My six-year-old asked what “feud” meant and didn’t truly seem to grasp the concept even after it was explained. My four year old only understand that the two sides were neighbors playing games. Let’s call this problem number two.
As for problem number three, I’m sure my kids aren’t the only ones who don’t get the joke of garden gnomes, lawn flamingoes and frog fountains, having never seen any of these in their lives. So a lot of the humor of seeing usually inanimate objects animated is simply lost on them. Besides, though the gnomes are cute enough, it’s hard for their plug-like bodies and button features to get all that ANIMATED.

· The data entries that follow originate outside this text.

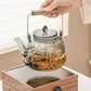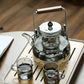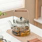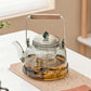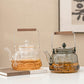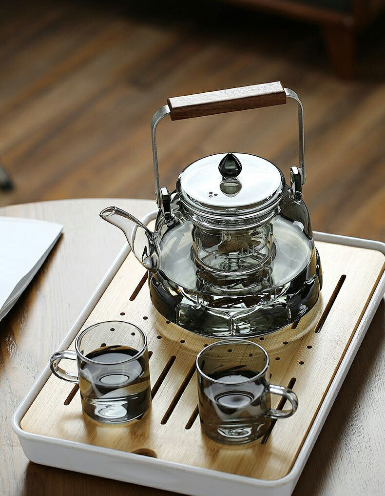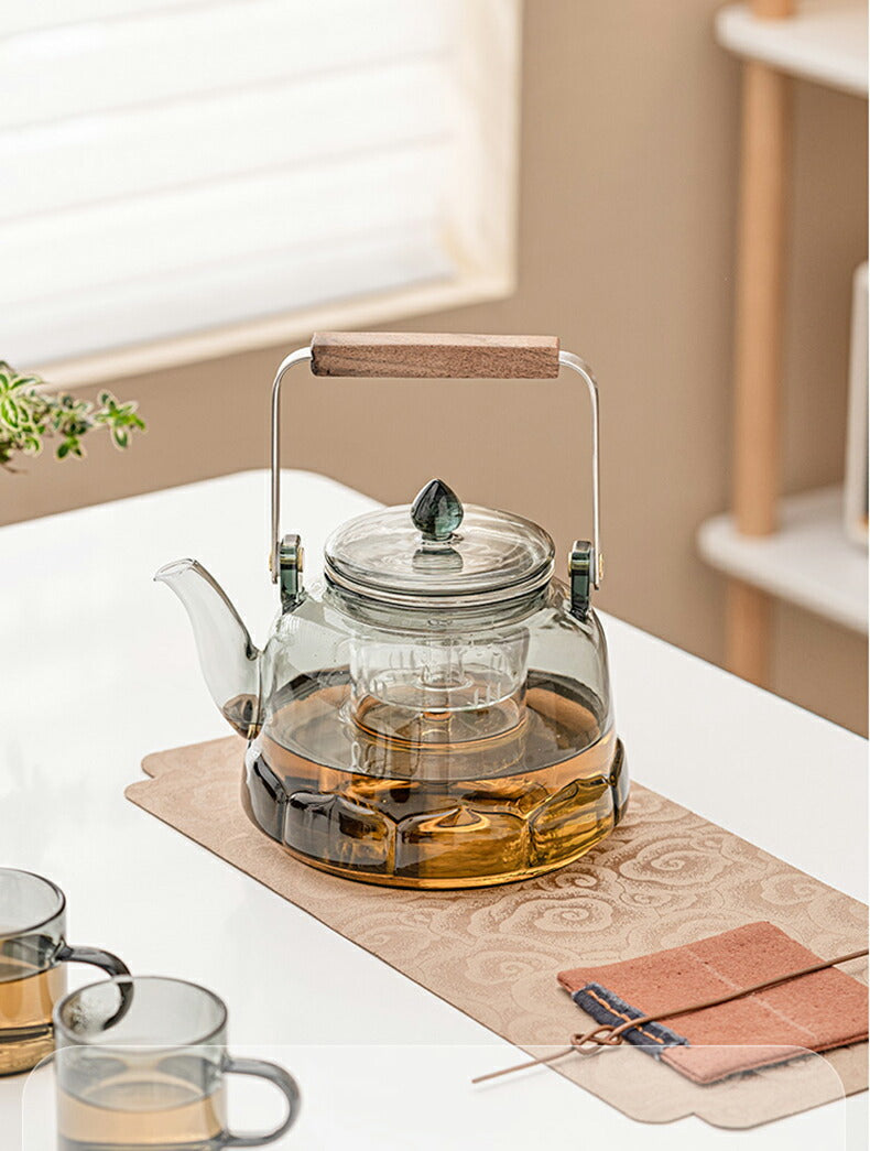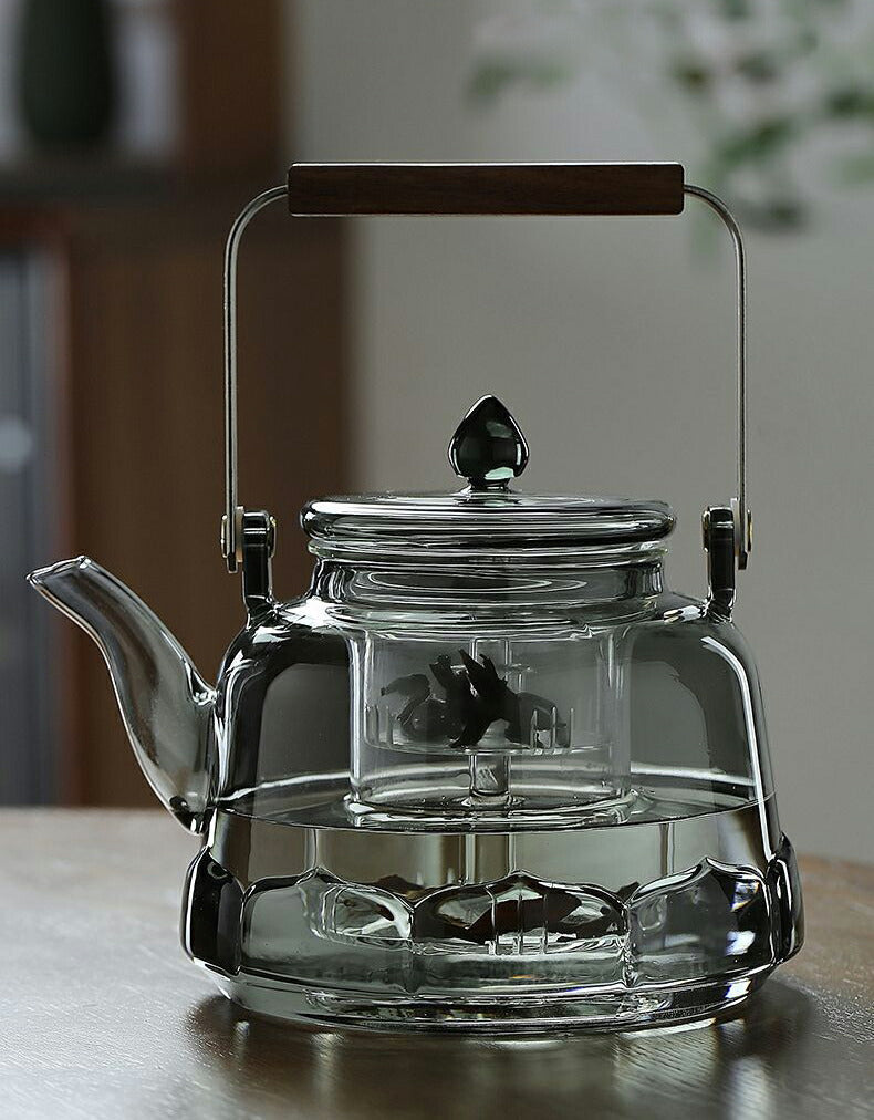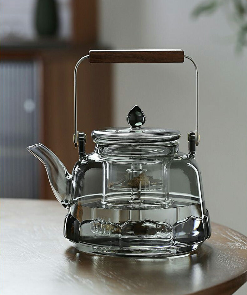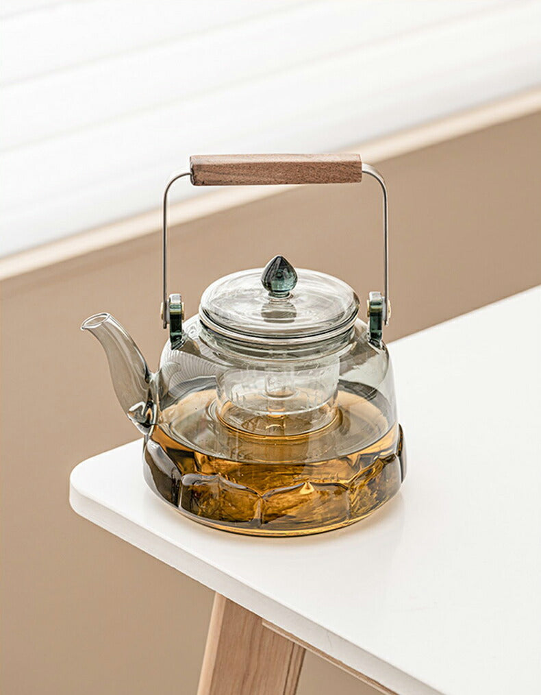 蓮の花・沈着 耐熱ティーポット ガラス 1000ml 1L ガラスティーポット 耐熱ガラス やかん 薬膳 木製の持ち手 大容量 煮出し 湯沸かし器 薬膳ポット 蓮 はす グレー 透明 ジャンピング 紅茶ポット 蒸茶 煮茶 に 直火 母の日 ギフト お茶のある暮らし お茶の時間IwaiLoft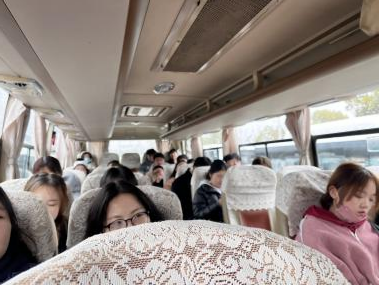 丁浩老师在车上进行实习认知动员并告知相关学习任务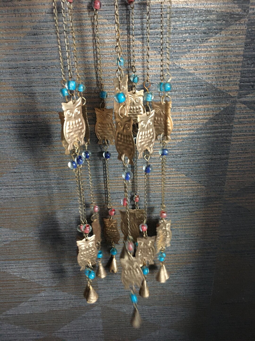 Long Owls, Bells Hanging, Window Wall Chained Decoration With Glass ...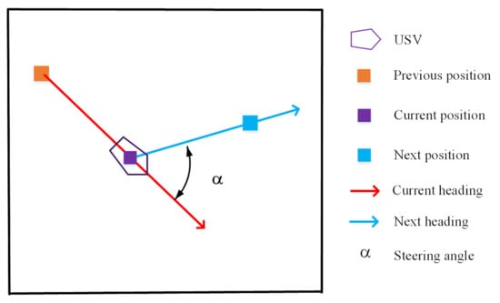 Constrained by the steering maneuverability and the fewer DOF of USVs, the steering angle of USVs is limited. There may be still some sharp turns on the planned path even if we expand to 48 adjacent nodes for path planning. To plan a more realistic path for USVs, the algorithm should consider the steering angle limitation between two adjacent nodes along its path. When a turning angle is larger than the steering angle limitation that the USV can steer each time, we should divide it into several turning operations. Therefore, the steering angle can be constrained within the steering angle limitation. The definitions of USV heading and steering angle are as follows:

It doesn’t help that the protagonists’ sidekicks—a dog-like mushroom (“Shroom”) and a frog fountain (Nanette)—are annoying, and most of the other supporting characters rather… stiff. Michael Caine’s East End accent comes in as a nice bit of casting in the role of Juliet’s overprotective father, who literally puts his daughter on a pedestal, but Maggie Smith is wasted as Gnomeo’s bellicose mother. I did find the respective sides’ speechless Greek choruses (mini gnomes for the Reds, cement bunnies for the Blues) pretty irresistible.
There are the usual jokes meant to fly over the kids’ heads and tickle their parents, with lots of Shakespearean puns and even a shout-out to The Graduate. A higher-than-normal percentage of the adult-aged jokes seemed sexual in nature (a running gag about gnome hat size envy, for instance); a lower-than-normal percentage seemed very clever or funny.
It says something that my favorite bits were the high-testosterone, Hulk Hogan-voiced ad for the Terrafirmenator and the psychedelic graphics of the music video-like segment of Gnomeo and Juliet falling in love—essentially breaks from the movie’s real story and usual storytelling style. Aside from these, Gnomeo and Juliet unfolds pretty much exactly as you’d imagine, with most of the humor coming from visual gags like a toilet repurposed as a planter and two gnomes posing as a wheelbarrow and gardener—more jokes totally lost on the kids, who recognize neither the real-life referents nor the supposed innate humor of working class garden ornamentation.
The soundtrack must be mentioned. The movie is, after all, executive produced by Elton John (his husband, David Furnish, also gets a producer credit), and features kid-lite versions of a big chunk of the classic Elton John catalog, including Saturday Night, Crocodile Rock, Your Song, Rocket Man and Tiny Dancer (that was an easy call, eh?). If that’s not enough, there are several instances of gnomes costumed as various incarnations of Sir John himself from over the decades, although, or course, they are recognized only by the grown-ups.
Despite its relatively lean 84 minute running time, the movie skidded through slow patches. My usually enthralled kids (and most of the other, less well-behaved children in the theater) got restless and fidgety, wondering, like me, when the film would be over. Brevity, it seems, is necessary but not sufficient for wit.